[Dataset entries]
= Beginning of Section =
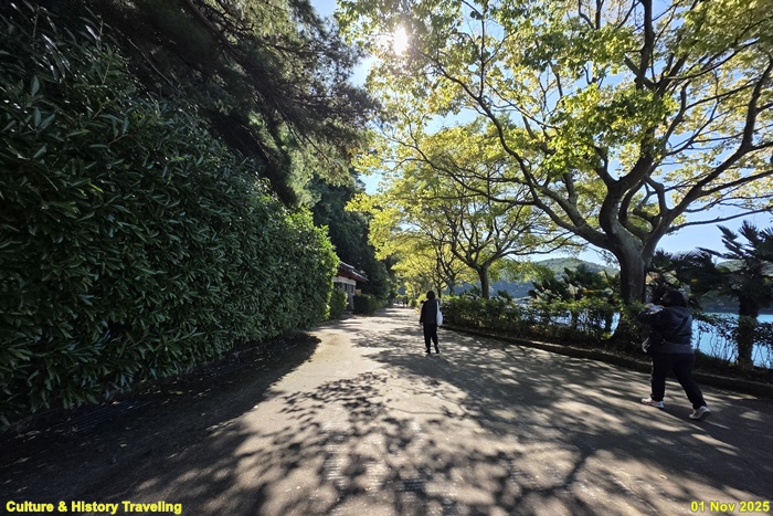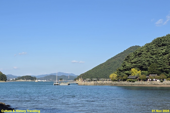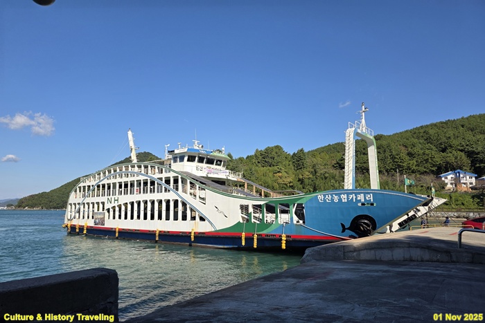 통영항에서 한산도 유적지까지는 여객선이 운항하고 있으며 선착장에서 유적지까지는 해안길을 따라 약 800m 정도 걸으면 된다.
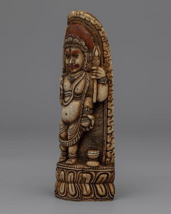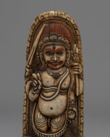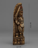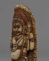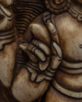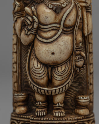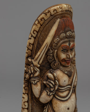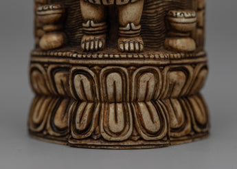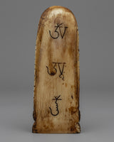 The Buddhist Handmade Stamp exemplifies skillful craftsmanship, beautifully carved on ethically sourced yak bone. The seal, which represents the Four-Armed Mahakala, a respected deity in Buddhist tradition recognized for his protective and auspicious attributes, has spiritual importance. The carving's lines and contours are meticulously detailed, encouraging practitioners to connect with Mahakala's divine spirit.
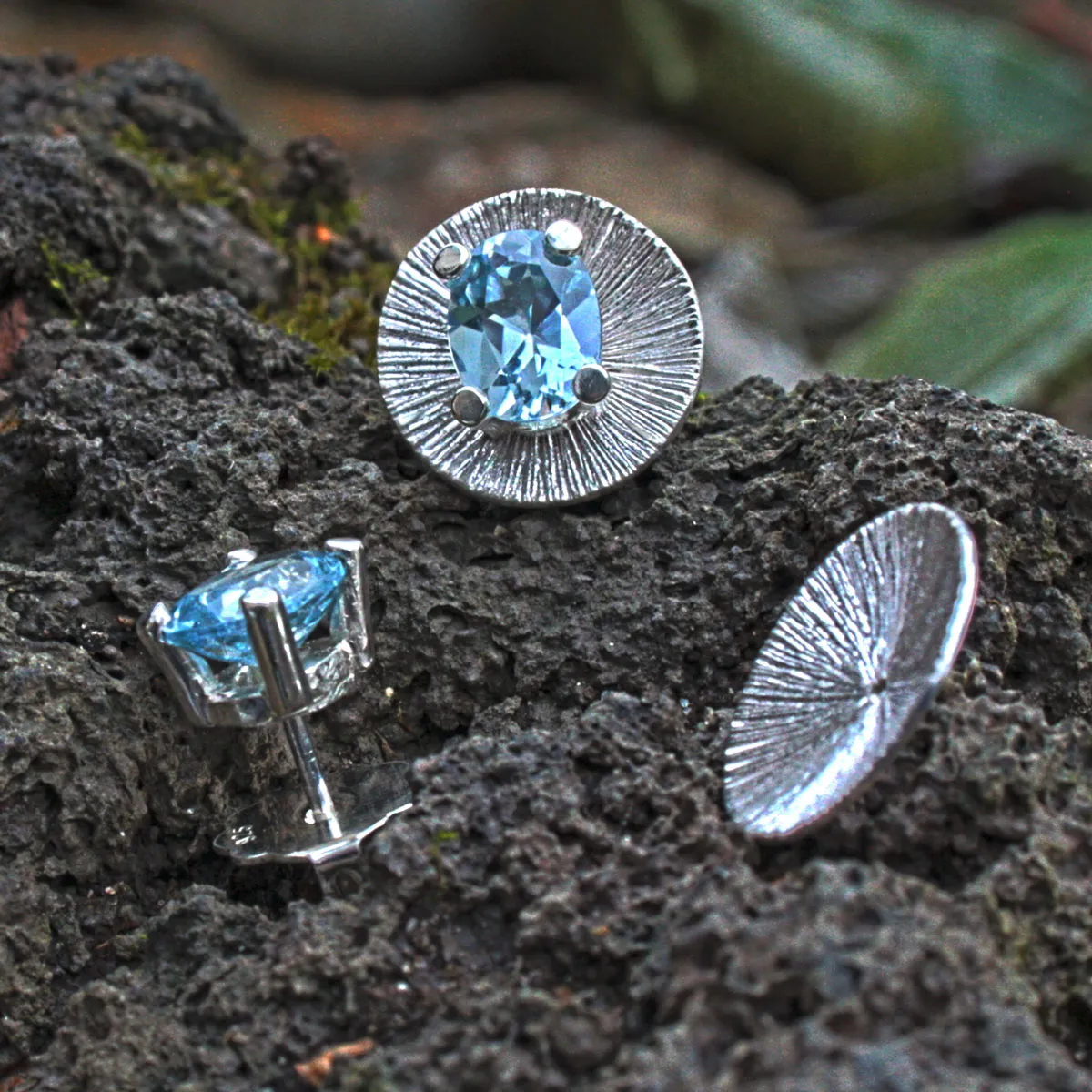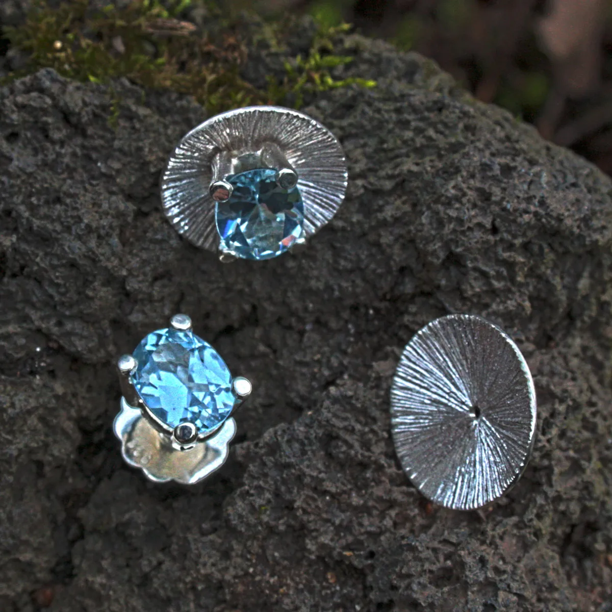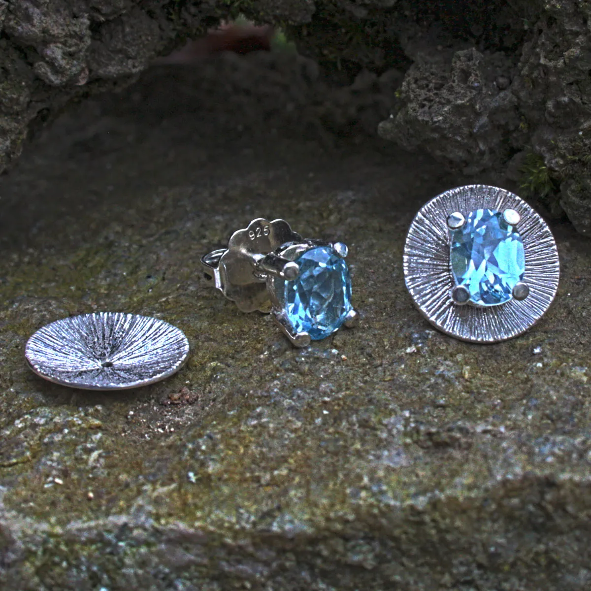 Silber-Ohrstecker mit Blautopas in Krappenfassung und runder Beilagscheibe
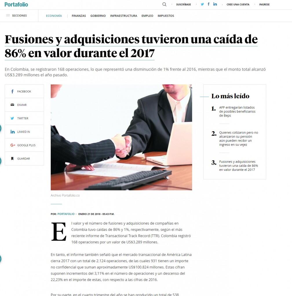 En Colombia, se registraron 168 operaciones, lo que representó una disminución de 1% frente al 2016, mientras que el monto total alcanzó US$3.289 millones el año pasado.
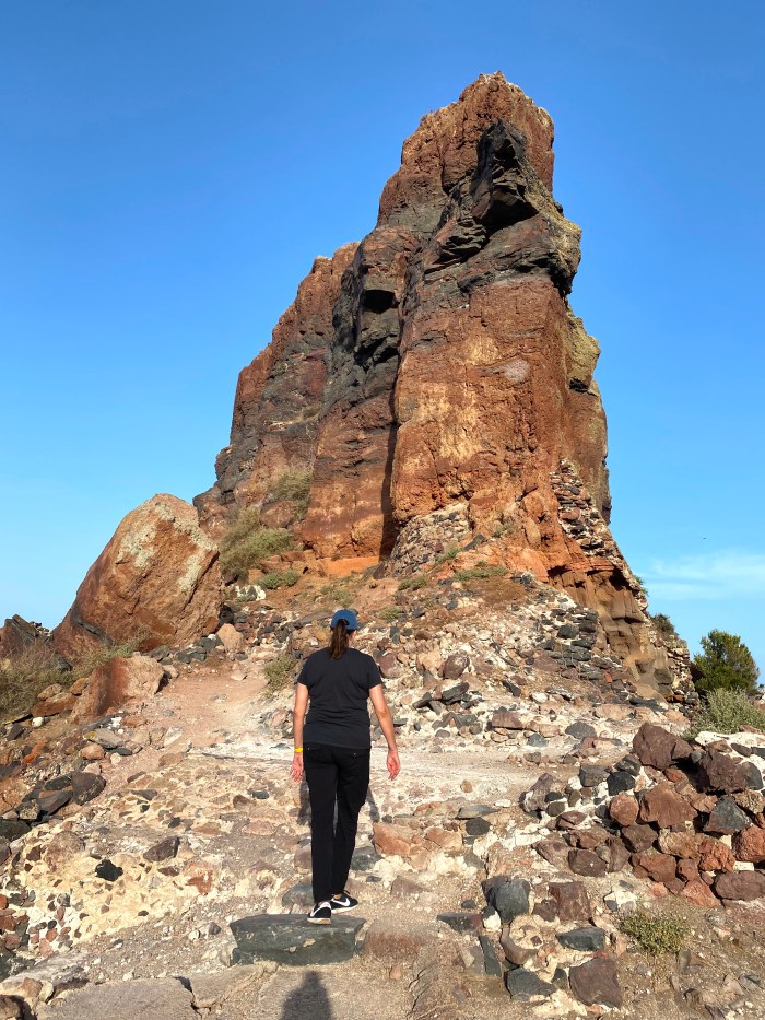 Of course, after Mykonos we also had an amazing visit to the island of Santorini as well, where we actually climbed this:
= End of Section =
Reproduce all entries exactly. Pictures do not belong in the copy.

 통영항에서 한산도 유적지까지는 여객선이 운항하고 있으며 선착장에서 유적지까지는 해안길을 따라 약 800m 정도 걸으면 된다.
 The Buddhist Handmade Stamp exemplifies skillful craftsmanship, beautifully carved on ethically sourced yak bone. The seal, which represents the Four-Armed Mahakala, a respected deity in Buddhist tradition recognized for his protective and auspicious attributes, has spiritual importance. The carving's lines and contours are meticulously detailed, encouraging practitioners to connect with Mahakala's divine spirit.
 Silber-Ohrstecker mit Blautopas in Krappenfassung und runder Beilagscheibe
 En Colombia, se registraron 168 operaciones, lo que representó una disminución de 1% frente al 2016, mientras que el monto total alcanzó US$3.289 millones el año pasado.
 Of course, after Mykonos we also had an amazing visit to the island of Santorini as well, where we actually climbed this:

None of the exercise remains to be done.